И еще не такое увидишь... У нас в городке

поднимался над Вохной собор, возведенный на месте

древней княжеской церкви, и звон проплывал по реке,

где белье колотили и вслух обсуждали известья.


А еще я застал трубочистов, застал печников,

за которыми, как за святыми, ходили легенды,

городских пастухов я застал и последних коров,

брадобреев надомных, в окне выставлявших патенты.

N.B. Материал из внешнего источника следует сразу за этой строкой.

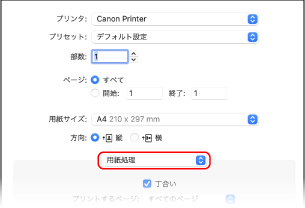 プリントオプションのポップアップメニューから[用紙処理]を選択する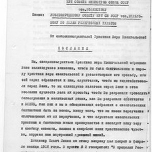 A letter-message (copy 2) from non-registered churches of Christians of Faith Evangelical (CFE) under the direction of Afanasii I. Bidash, 1956 October 12, to I.V. Polyanskiy, a chairman of the Religious Cults Council of USSR. [Description English/roman)] Письмо-послание (копия 2) от не регистрированных церквей ХВЕ под руководством Афанасій И. Бидаша, 1956 октябрь 12, Председателю Совета по религиозным культам СССР, И.В. Полянскому. [Description (original non-English/roman language/script)]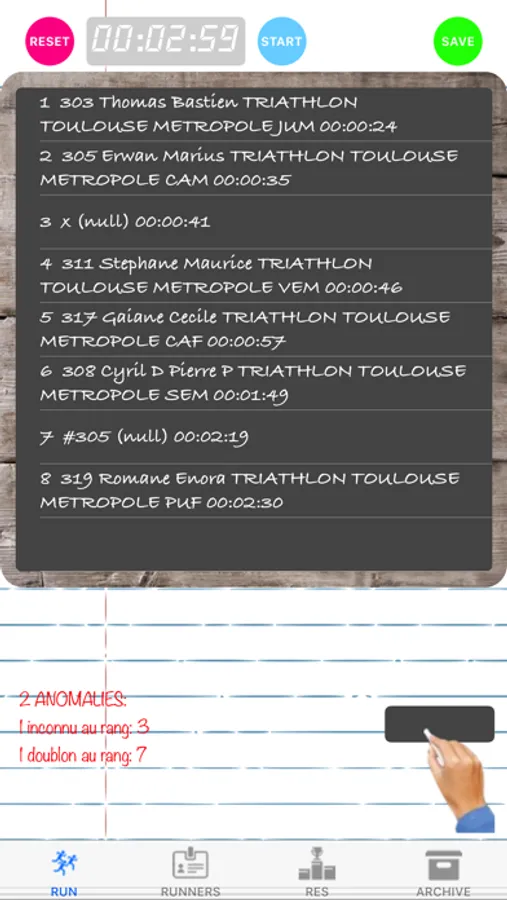 Dans les deux cas (avec ou sans listing de coureurs), il est possible de corriger des erreurs de saisie. Les anomalies telles que "numéro inconnu" (x si "Enter" a été tapé sans numéro de coureur, x+numéro si le numéro de dossard n'est pas dans le listing considéré ou n'est pas un nombre entier compris entre 1 et 1000), ou "doublon"(#+numéro si le numéro a déjà été saisi) sont tracées. On peut à la fin de la saisie ou entre deux saisies modifier un numéro de dossard, le temps, inverser deux coureurs, insérer un coureur ou en supprimer un de la liste des arrivées.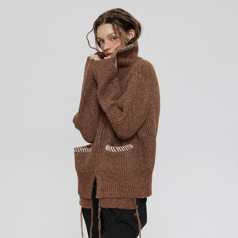 📚 LOSTCTRL「慵懒周末」美拉德抽绳刺绣双拉链针织开衫男女秋冬毛衣

Если вспомнили о печниках, воздадим и печи,

как стреляла она берестою, как в день непогодный

завывала, как выла ночами. Ау, рифмачи,

не сыграть ли отходную нам и трубе дымоходной?


Я об этом подробно пишу, потому что пример

ни на что не подвигнет, как только внести в мартиролог

этот старопосадский уклад, да и самый размер,

пятистопный анапест, как сани скрипуч и неловок.

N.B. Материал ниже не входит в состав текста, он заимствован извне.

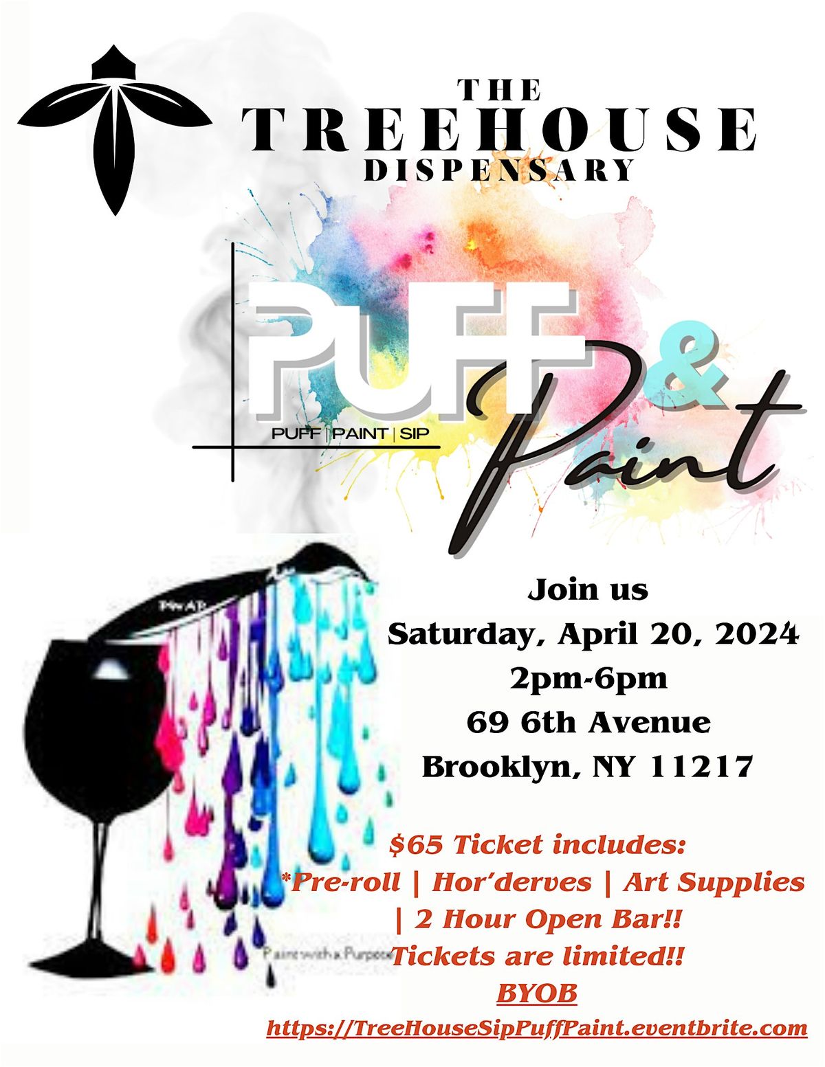 Welcome to Sip, Puff & Paint at The Tree House Dispensary, Inc.! Join us for a fun-filled event where you can enjoy sipping on drinks, puffing on your favorite products, and getting creative with paint. Let your imagination run wild as you express yourself on canvas in a relaxed and friendly atmosphere. No experience necessary - just come ready to have a good time! Grab your friends and come on down for a memorable evening of art and relaxation. See you there! BYOB

А еще домовой. Как он в щелку за нами смотрел...

Не люблю я прошедшее время в стихах, но тетрадку

я мараю сейчас и, быть может, какой-то пострел

проучить уже случая ждет, доставая рогатку.


Ан и вправду сказать, как собака верчусь за хвостом,

а о главном боюсь... Я представил еще на вокзале,

а приехал к сестре и гляжу: да, узнаешь с трудом –

рубероидом крыт, два котла. А в воде отказали,


да и угол снесли. Двухквартирный, две мачты антенн

поднял к небу и дальше плывет, в облаках ли, в листве ли.

Если в бочке сидеть, я хотел бы не как Диоген,

а как юнга на мачте – и чтобы сирены мне пели.


Я люблю молодую удачу, хоть я у нее

не любимцем, а пасынком был, да и буду, пожалуй.

Ну а ты-то все шуточки шутишь? все ткешь суровье?

Ты одряхла, Итака моя, а глядишь моложаво.


Я люблю эти старые стены, и даже не их,

а суровую участь, которая связана с ними,

этот синий пронзительный воздух, толкающий стих,

зоркий промысел тех, кто блуждает путями земными.


Хорошо вечерами у нас. Выйдешь в темный простор

перед сном подышать и стоишь где-нибудь у сарая.

Вон упала звезда, а другая летит через двор:

не земляк ли, гадаешь, глазами ее провожая.


Надо завтра нарезать цветов и проведать своих.

А прохладно, однако... И все-таки невероятна

эта жизнь, если в корень глядеть. Каждый шорох и штрих.

Вот и дети уже подросли. Не твои. Ну да ладно.


Вот и дом наконец. Шелести же листвой парусин,

прозябающий прах, недалекая наша Эллада!

Ибо живо лишь то, что умрет, как сказал бы Плотин.

А другого, увы, не дано, да уже и не надо.

1985

«На Каме-реке и на Белой реке…»

* * *

На Каме-реке и на Белой реке –

леса под водой и леса вдалеке,

большая вода с островками;

затоплены русла и на море вод

то вынырнет куст, то труба прорастет

на Белой реке и на Каме.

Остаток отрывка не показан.